Jakie piękne tworzymy sobie piekło na ziemi. Nie potrzeba nam Szatana, kiedy bywa nim sam człowiek.

W produkcji możemy zobaczyć wielu wspaniałych brytyjskich aktorów jak Rory Kinnear, Donald Sumpter, Jodie Wittaker, Rupert Everett, Hayley Atwell, czy Domhnall Gleeson. Ich grę obserwuje się z prawdziwą przyjemnością. Widać, że castingi były udane, gdyż bardzo trudno byłoby mi wskazać kogoś kto nie podołał roli.

Rory Kinnear fenomenalny w trudnej roli premiera.

Serial jest mistrzowsko i dynamicznie zmontowany, czym wprowadza widza w niezapomniany klimat. Opowieści zaskakują swoją pomysłowością oraz wbijającymi w fotel finałami. O tych historiach po prostu nie da się zapomnieć, więc co wrażliwsi widzowie powinni się jeszcze zastanowić czy sięgnąć po Black Mirror. Dla mnie był to jeden z najlepszych seriali na jakie w życiu popaczyłam i uważam, że każdy powinien się z nim zapoznać. Choćby po to, by wiedzieć co nas może spotkać i trochę inteligentniej poruszać się w obrębie nowości technologicznych.

Plakat promujący drugi sezon. Mam nadzieję że doczekamy się trzeciego.

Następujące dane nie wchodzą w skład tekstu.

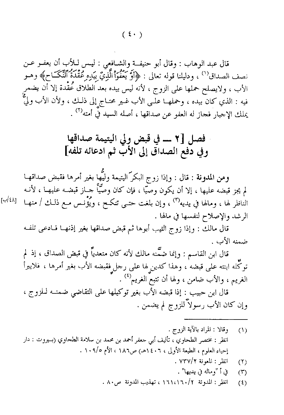 فصل [2 - في قبض ولي اليتيمة صداقها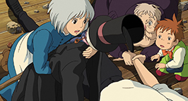 Cette situation est d'autant plus préoccupante que la guerre se rapproche. La ville de Sophie est attaquée et les sbires de la sorcière ont réussi à situer le foyer du Hauru. L'étreinte se fait de plus en plus précise et les espions de Suliman entourent bientôt la maison-façade. Hauru arrive à un moment critique et sauve Sophie de la mort en bloquant une bombe. Hauru décide alors de mettre fin à la guerre et repart immédiatement au combat. Sophie se réfugie dans la maison et ferme la porte sur les envoyés de Suliman. Elle active le mécanisme pour revenir dans les landes et contemple les combats qui embrasent au loin sa ville.

P.S.1 Podobno Rober Downey Jr chce nakręcić film w oparciu o pomysł z odtwarzającym ludzkie wspomnienia ZIARNEM. 

P.S.2 SPOILERY:
Nurtuje mnie sprawa odciętego palca. Dla mnie było to oczywiste do kogo nie należy, jak widać dla wytrawnych polityków nie. Przecież można chyba dostrzec różnice między damskim a męskim palcem nie? Zwłaszcza należącym do księżniczki, który musiałby mieć jakiś manikiur czy coś w tym stylu. I nie wierzę, że doświadczeni politycy mogliby to tak źle rozegrać?!